You’ll become obsessed with counting carbs (trust me, this is good), and dosing correctly (also good), but will become preternaturally focused on food and nutrition. You will deny and deny and deny. You’ll eat an apple when everyone is enjoying an ice cream; you’ll swear that string cheese is more fun than cookies. This can sometimes be good in the name of a better hba1c, but please, let yourself be a child for a little while longer. You’ll cry, because having a chronic disease can be very lonely and sad sometimes, and it’s okay to be sad sometimes, too. Go to therapy. It’ll be worth it.

Your mom will make you go to diabetes camp. You will resist going at every turn. You will cry and scream, and when she drops you off at the loading dock of Camp Setebaid, you swear you’ll never talk to her again. But by night three, you will have forgotten all about the hardships of living amongst “nons”. You’ll meet some of your closest friends at diabetes camp, and they’ll last a lifetime. You’ll have camp crushes, and camp kisses, and still remember campfire songs until your mid-30s. You’ll go waltzing with bears, and do the polar bear swim, and learn how to build a campfire, and get lost in the woods under a velvety night sky, and will learn how to use a cleavus, and will eat two dozen chocolate chip cookies one night when you accidentally replace your dose of Lantus with Humalog (oops). You’ll pee your pants laughing, and cry every summer when camp ends. You’ll make many friends along the way–friends who get it, who get you, for the first time ever. You’ll lose some of them over the years, to diabetes, or depression, or both, and will weep at their funerals. Your best camp friend will be in your wedding party in 17 years.

You’ll become tough. You never asked for this life, but you sure have made a point of living it to the fullest. There will be many doctors who will try and tell you things you can’t or shouldn’t do: join the swim team, play competitive sports, travel abroad, go to college out of state, have children–and you’ll prove most of them wrong. You will learn to not take no for an answer. You’ll develop an iron will. You’ll become gritty as hell.
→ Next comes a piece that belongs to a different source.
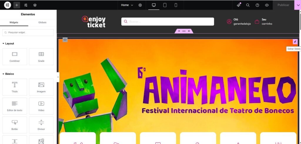 Depois de feitas as alterações clique em “Publicar” no canto superior direito da página.

Diabetes will encourage your interests in health and well-being, and out of college you’ll be a social worker, eventually getting your master of public health (I don’t think this degree exists in 2000, but it’s coming down the pike). You’ll be a vegetarian. You’ll run marathons. You’ll climb something that’s called a 14er (I know you live in Pennsylvania, but someday, when you live in Colorado, this will be a very big deal). You’ll find your dream job of working in diabetes advocacy, that will take your passion and use it to help thousands of other people who struggle with the same issues you do. You’ll change lives for the better.

One day, you’ll meet a man at work, who’s sweet and kind and compassionate. One evening, still in the early days of dating, you’ll notice he bought three containers of glucose tabs and stored them in his pantry without telling you. “Just so you feel safe here,” he says. Three years later, you’ll marry him.

In 20 years, you won’t have everything all figured out, but you’ll know more about who you are, and who you want to be. And diabetes, in large part, has helped to craft that. I know you’re seeing dad cry right now, so why don’t you go give him a hug and let him know everything will be okay. Because, really, in time, it will be.